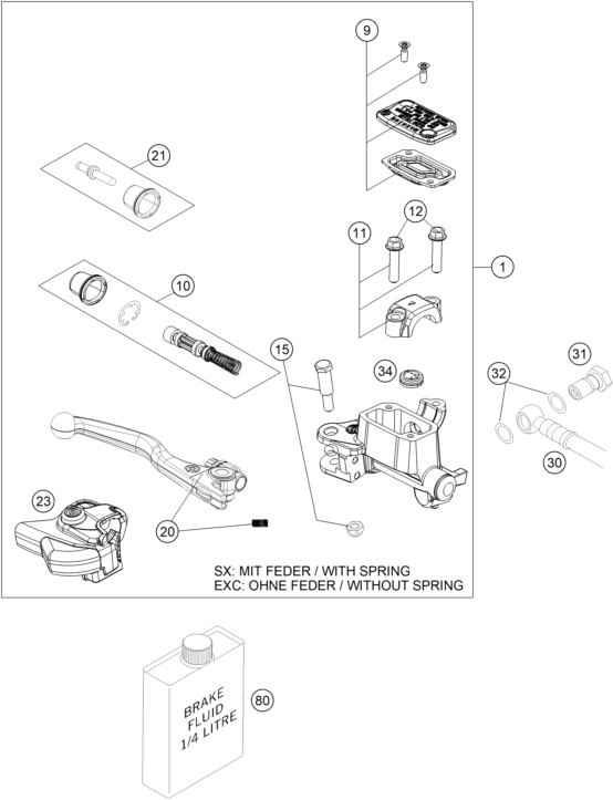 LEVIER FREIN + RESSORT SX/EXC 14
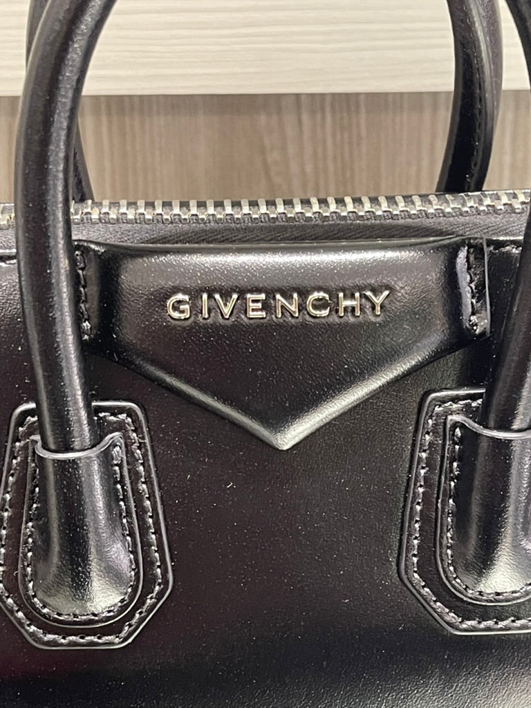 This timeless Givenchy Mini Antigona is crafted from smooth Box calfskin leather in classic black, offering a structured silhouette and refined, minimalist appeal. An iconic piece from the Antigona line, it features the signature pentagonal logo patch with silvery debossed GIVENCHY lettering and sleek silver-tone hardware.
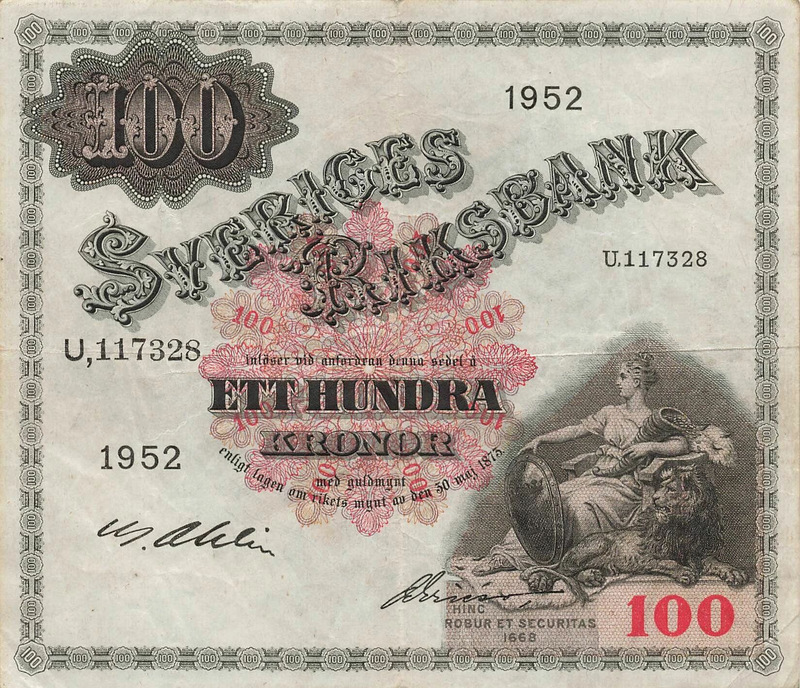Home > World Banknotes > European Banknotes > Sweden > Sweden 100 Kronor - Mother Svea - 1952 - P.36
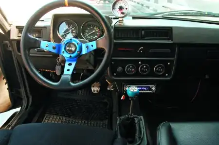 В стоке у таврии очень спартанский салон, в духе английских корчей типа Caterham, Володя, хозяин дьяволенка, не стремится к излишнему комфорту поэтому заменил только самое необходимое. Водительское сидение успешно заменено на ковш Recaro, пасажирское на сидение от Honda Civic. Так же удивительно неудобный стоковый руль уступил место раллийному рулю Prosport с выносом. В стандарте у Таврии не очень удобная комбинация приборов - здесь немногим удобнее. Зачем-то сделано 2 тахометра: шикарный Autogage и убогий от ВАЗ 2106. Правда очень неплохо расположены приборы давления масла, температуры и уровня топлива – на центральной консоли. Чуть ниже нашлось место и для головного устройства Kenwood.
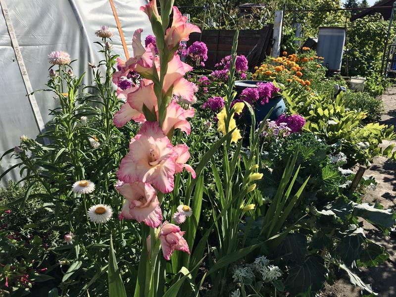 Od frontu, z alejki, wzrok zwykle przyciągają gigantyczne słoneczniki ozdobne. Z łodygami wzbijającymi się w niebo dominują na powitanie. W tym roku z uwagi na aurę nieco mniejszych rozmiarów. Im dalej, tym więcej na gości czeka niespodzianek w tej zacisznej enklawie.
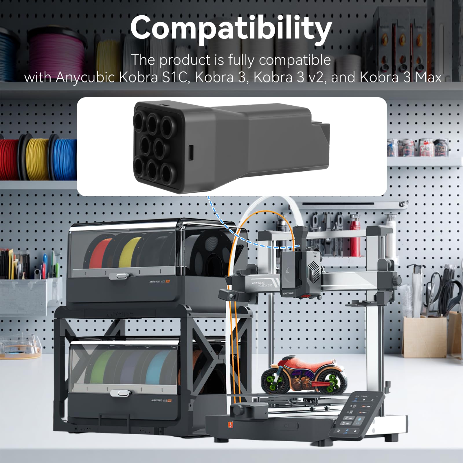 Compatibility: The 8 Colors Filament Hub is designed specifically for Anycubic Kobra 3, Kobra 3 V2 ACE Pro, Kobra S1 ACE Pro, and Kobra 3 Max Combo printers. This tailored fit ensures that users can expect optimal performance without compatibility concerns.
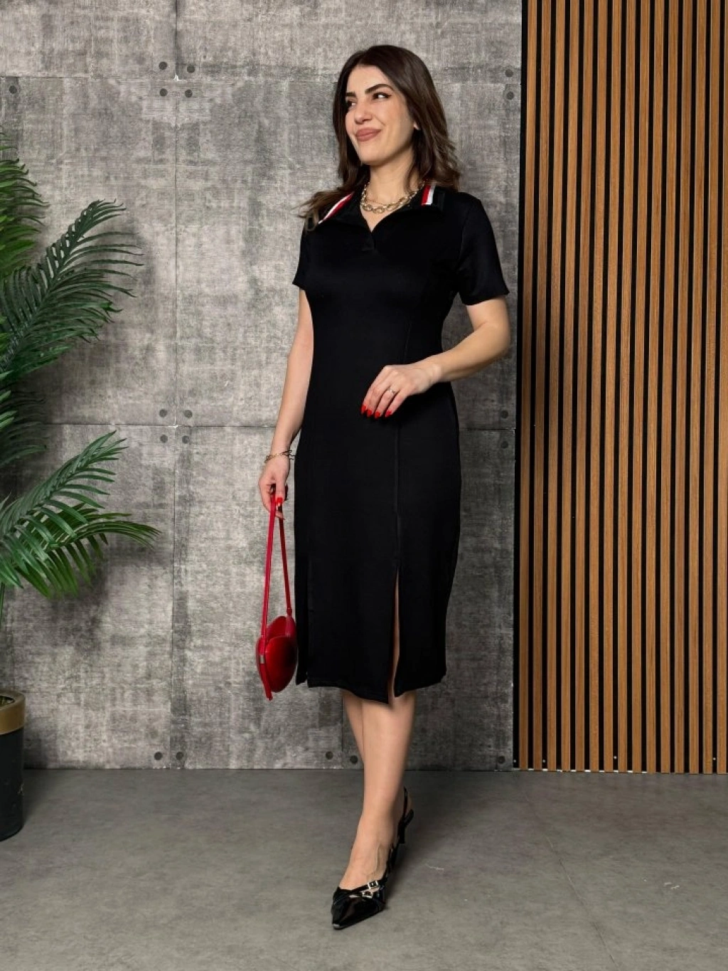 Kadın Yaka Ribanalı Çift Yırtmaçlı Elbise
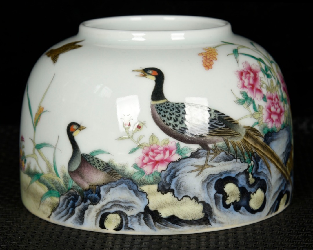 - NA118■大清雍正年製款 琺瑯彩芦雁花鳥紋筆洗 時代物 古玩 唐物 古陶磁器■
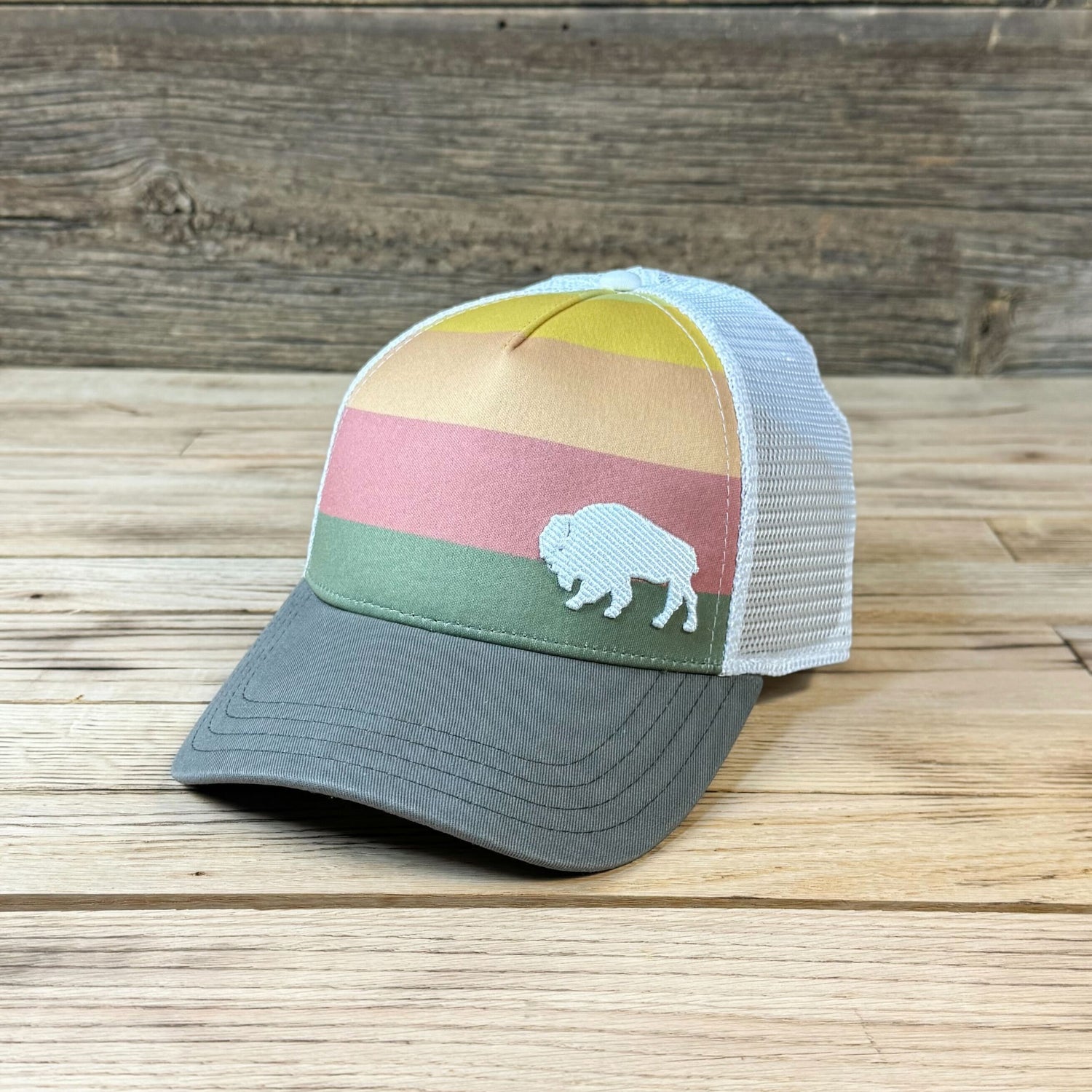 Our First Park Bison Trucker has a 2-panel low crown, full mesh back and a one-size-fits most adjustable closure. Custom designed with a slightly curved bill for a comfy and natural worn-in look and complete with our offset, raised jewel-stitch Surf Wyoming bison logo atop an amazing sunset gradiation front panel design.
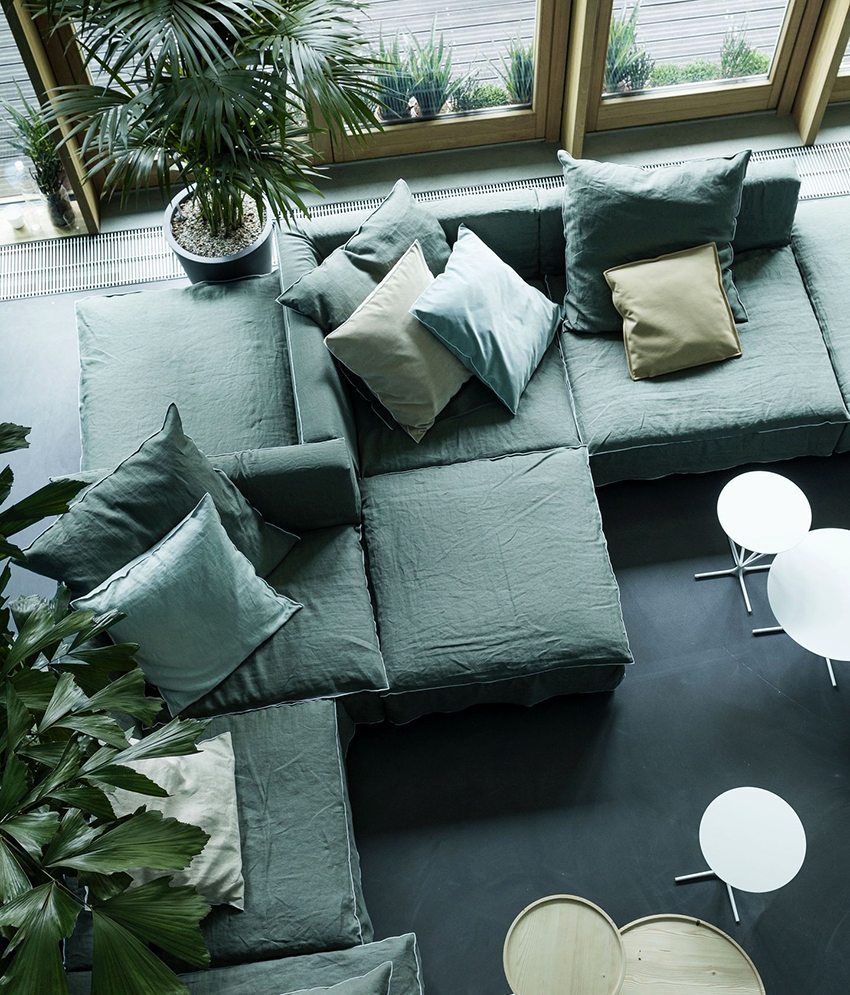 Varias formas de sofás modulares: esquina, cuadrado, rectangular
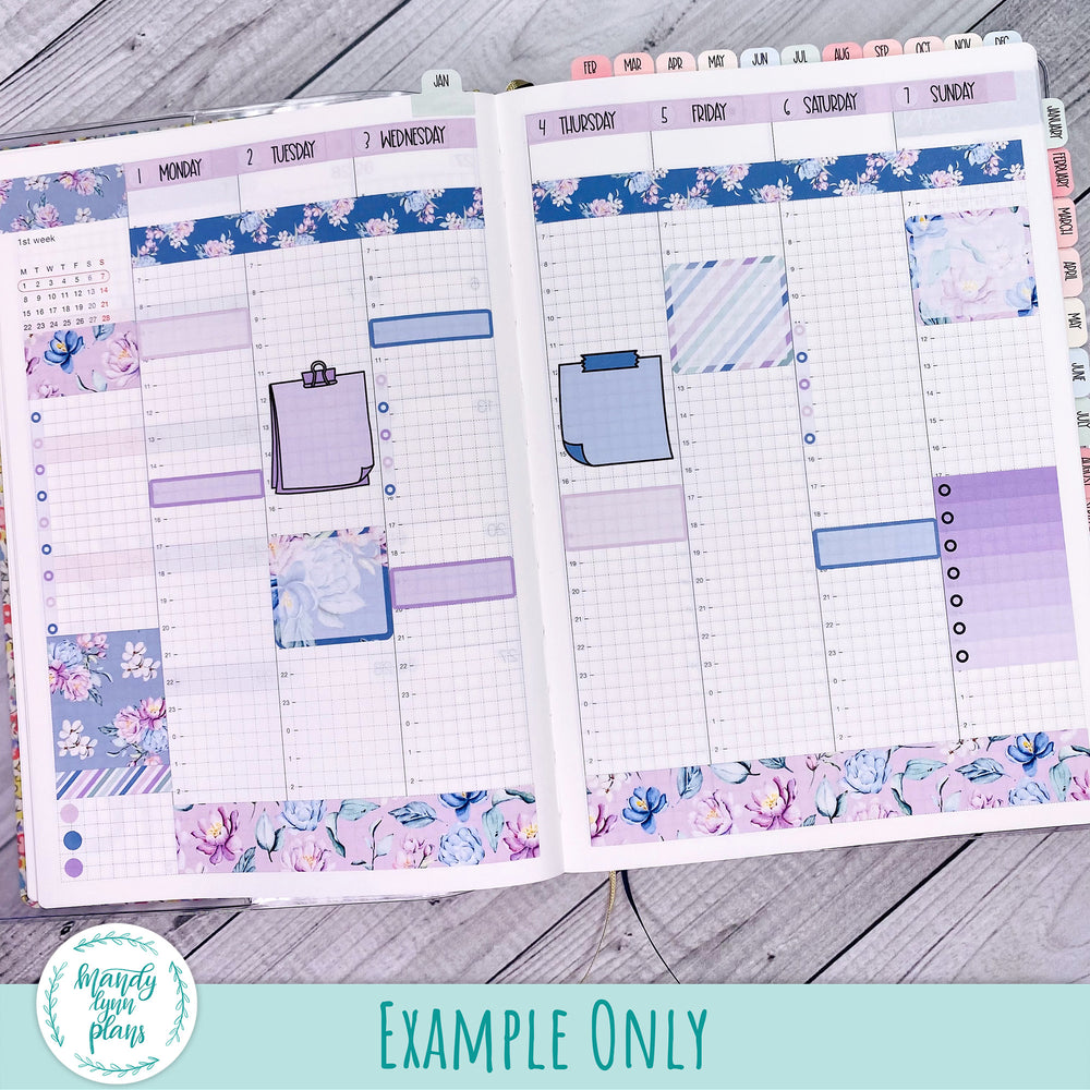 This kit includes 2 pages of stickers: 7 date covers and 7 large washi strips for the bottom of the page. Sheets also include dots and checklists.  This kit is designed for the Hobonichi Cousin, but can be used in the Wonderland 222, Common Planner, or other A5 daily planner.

= = = = = = =

▶ [Try it] Here the job is to repeat the entries verbatim while leaving all pictures out.

▶ [Response area]
 LEVIER FREIN + RESSORT SX/EXC 14
 This timeless Givenchy Mini Antigona is crafted from smooth Box calfskin leather in classic black, offering a structured silhouette and refined, minimalist appeal. An iconic piece from the Antigona line, it features the signature pentagonal logo patch with silvery debossed GIVENCHY lettering and sleek silver-tone hardware.
Home > World Banknotes > European Banknotes > Sweden > Sweden 100 Kronor - Mother Svea - 1952 - P.36
 В стоке у таврии очень спартанский салон, в духе английских корчей типа Caterham, Володя, хозяин дьяволенка, не стремится к излишнему комфорту поэтому заменил только самое необходимое. Водительское сидение успешно заменено на ковш Recaro, пасажирское на сидение от Honda Civic. Так же удивительно неудобный стоковый руль уступил место раллийному рулю Prosport с выносом. В стандарте у Таврии не очень удобная комбинация приборов - здесь немногим удобнее. Зачем-то сделано 2 тахометра: шикарный Autogage и убогий от ВАЗ 2106. Правда очень неплохо расположены приборы давления масла, температуры и уровня топлива – на центральной консоли. Чуть ниже нашлось место и для головного устройства Kenwood.
 Od frontu, z alejki, wzrok zwykle przyciągają gigantyczne słoneczniki ozdobne. Z łodygami wzbijającymi się w niebo dominują na powitanie. W tym roku z uwagi na aurę nieco mniejszych rozmiarów. Im dalej, tym więcej na gości czeka niespodzianek w tej zacisznej enklawie.
 Compatibility: The 8 Colors Filament Hub is designed specifically for Anycubic Kobra 3, Kobra 3 V2 ACE Pro, Kobra S1 ACE Pro, and Kobra 3 Max Combo printers. This tailored fit ensures that users can expect optimal performance without compatibility concerns.
 Kadın Yaka Ribanalı Çift Yırtmaçlı Elbise
 - NA118■大清雍正年製款 琺瑯彩芦雁花鳥紋筆洗 時代物 古玩 唐物 古陶磁器■
 Our First Park Bison Trucker has a 2-panel low crown, full mesh back and a one-size-fits most adjustable closure. Custom designed with a slightly curved bill for a comfy and natural worn-in look and complete with our offset, raised jewel-stitch Surf Wyoming bison logo atop an amazing sunset gradiation front panel design.
 Varias formas de sofás modulares: esquina, cuadrado, rectangular
 This kit includes 2 pages of stickers: 7 date covers and 7 large washi strips for the bottom of the page. Sheets also include dots and checklists.  This kit is designed for the Hobonichi Cousin, but can be used in the Wonderland 222, Common Planner, or other A5 daily planner.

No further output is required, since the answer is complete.